De ontvangst van Dr. Viljoen.
Zij, die twijfelen aan de waarde der Grootnederlandsche beweging en de practische uitvoerbaarheid harer doeleinden, beweren wel eens dat karakter en levensopvatting van Afrikaners, Vlamingen en Nederlanders te zeer uiteenloopen om ze ooit tot een drieëenheid aaneen te smeden.
Wij zijn nooit blind geweest voor de verschillende geestesgesteldheden en behoeften der drie groote groepen van onzen stam, maar ook weten wij, dat hun afkomst en geschiedenis, hun taal en zeden zooveel overeenkomst en punten van aanraking hebben, dat men niet behoeft te zoeken naar wat ons vereenigt; en hun gemeenschappelijke belangen zijn zoo groot, dat het de moeite waard is daarvoor te ijveren. Daarvoor is het echter noodig, dat Afrikaners, Vlamingen en Nederlanders elkaar beter leeren kennen. En op welke wijze kan dit beter geschieden dan door onderlinge kennismaking, die zooveel vooroordeelen met één slag kan wegvagen, vooral als de beste elementen der bevolking van onze stamgebieden hun stambroeders komen bezoeken en kennis nemen van het peil hunner beschaving.
De onschatbare waarde daarvan heeft onze voorzitter, de eerste tafelredenaar bij den eeremaaltijd, Dr. Viljoen, de superintendent van onderwijs in de Kaapprovincie, 2 Oct. in Trianon te Amsterdam door het A.N.V. en de N.Z.A.V. aangeboden, welsprekend doen uitkomen. Hij wees erop, hoe mannen als Dr. Kiewiet de Jonge, prof. Pont, prof. Molengraaff, prof. Casimir door hun bezoeken aan Zuid-Afrika de middelaars zijn geweest om de geestelijke en economische banden tusschen Nederland en Zuid-Afrika te versterken.

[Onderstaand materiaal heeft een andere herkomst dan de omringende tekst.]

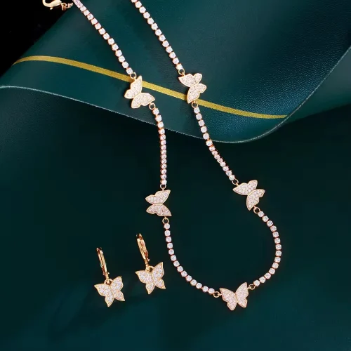 Women’s Fine Jewelry Set Copper Alloy Pendant Necklace Earring Gold Plated Vintage Diamond Charms Design

Daar waren dien avond behalve verscheidene bestuurders der ontvangende vereenigingen, vertegenwoordigers van verschillende onderwijskringen en ook de handel had er zijn afgevaardigden; oud-minister Van IJsselsteijn zat mee aan en voerde het woord. Wat vooral beteekenis had, onze Regeering was vertegenwoordigd door Jhr. Mr. Ruys de Beerenbrouck en Dr. De Visser. Eerstgenoemde uitte, mede namens zijn ambtgenoot waardeering voor de wijze, waarop het A.N.V. en de N.Z.V.A. ijveren voor de bevordering der stamverwantschap tusschen de deelen van den Ned. Stam. Prof. Pont, de heer Wibaut (namens het gemeentebestuur van Amsterdam) en prof. Casimir voerden nog het woord. En toen antwoordde Dr. Viljoen, wedijverend in welsprekendheid met al zijn huldigers, als volbloed Afrikaner een breed patriottisme openbarend en zijn rashumor niet verloochenend.
Een week lang heeft deze stoere stamgenoot door ons land gereisd, verschillende inrichtingen van onderwijs bezocht, ook de Wageningsche Landbouwhoogeschool, en een hoogen dunk meegenomen van het peil, waarop het Nederlandsch onderwijs staat.
De wisselwerking van zulke bezoeken en ontvangsten over en weer kan niet anders dan de beste gevolgen hebben voor de drieëenheid van onzen Stam.